Riconciliati e riconciliatori
Il giubileo ci permette di entrare nella dinamica del perdono, ricevuto e donato. È quel ritorno all’inizio.
Se la malattia provoca disagio, che a sua volta influisce negativamente sui sintomi, è stato anche dimostrato che, nonostante il cattivo umore e la tristezza siano spesso inevitabili, l’umore aiuta a vivere la malattia in modo diverso e sembra che ciò migliori i sintomi. Un’amica, moglie e madre, appartenente a uno dei gruppi matrimoniali della parrocchia, si ammalò di cancro. Dovendo rimanere ricoverato in ospedale per tre mesi. Dopo un po’ gli ho chiesto come stava, facendogli capire chiaramente che ero sorpreso dal suo buon umore. Mi ha detto: “Non ho scelto questa malattia, non posso, ma voglio scegliere il modo in cui conviverci“.

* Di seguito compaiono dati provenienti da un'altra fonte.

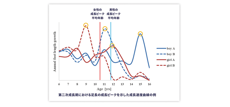 下記のグラフを見ると、第二次成長期における子どもの足の成長は個人差が大きく、男子に比べ女子の方が早く成長するなどの傾向がわかります。また、成長のピークを過ぎると、ほぼ大人の足と変わらないサイズになることもわかっています。そのため、とくに第二次成長期は、個々の成長にあわせたシューズ選び、さらに成長のピークを迎えた後、大人の足になった時には、親御さんが大人用のシューズをきちんと提案してあげることが重要です。
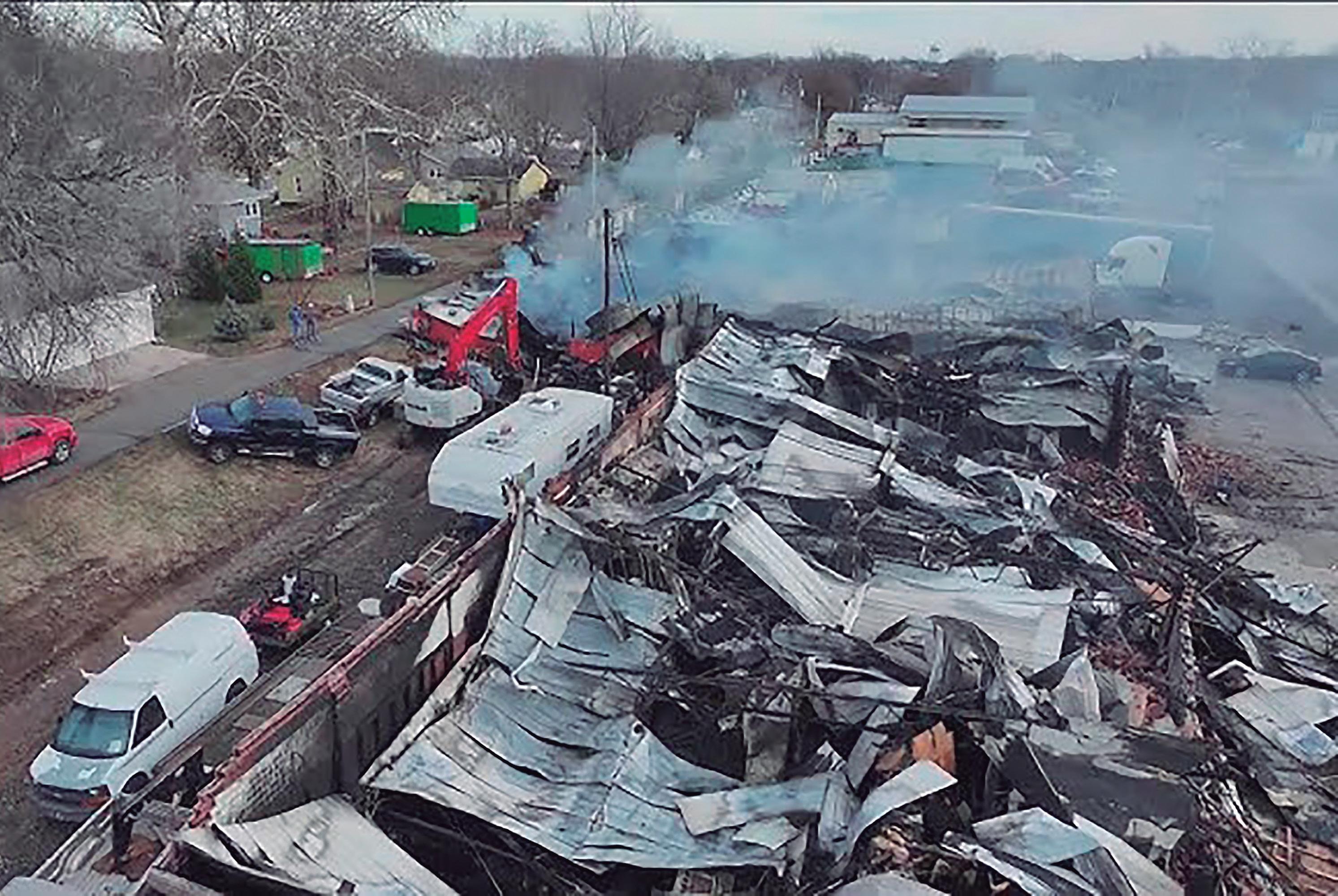 Una vista aérea muestra los daños causados por el incendio que dejó en pérdida total a El Rey Market en Perry, Iowa, a pocos días de Navidad. El negocio familiar, que sirvió a la comunidad por casi una década, ahora busca apoyo a través de una campaña en GoFundMe para iniciar su recuperación.

Nella chiave del giubileo della speranza, la malattia viene vissuta in modo diverso. Concludo con un altro frammento del toro. «Ma in realtà abbiamo tutti bisogno di recuperare la gioia di vivere, perché l’essere umano, creato a immagine e somiglianza di Dio (cfr Gen 1,26), non può accontentarsi di sopravvivere o sussistere mediocremente, adattandosi al presente momento e lasciandosi soddisfare solo dalle realtà materiali. Ciò ci rinchiude nell’individualismo ed erode la speranza, generando una tristezza che si annida nel cuore, rendendoci sgradevoli e intolleranti”.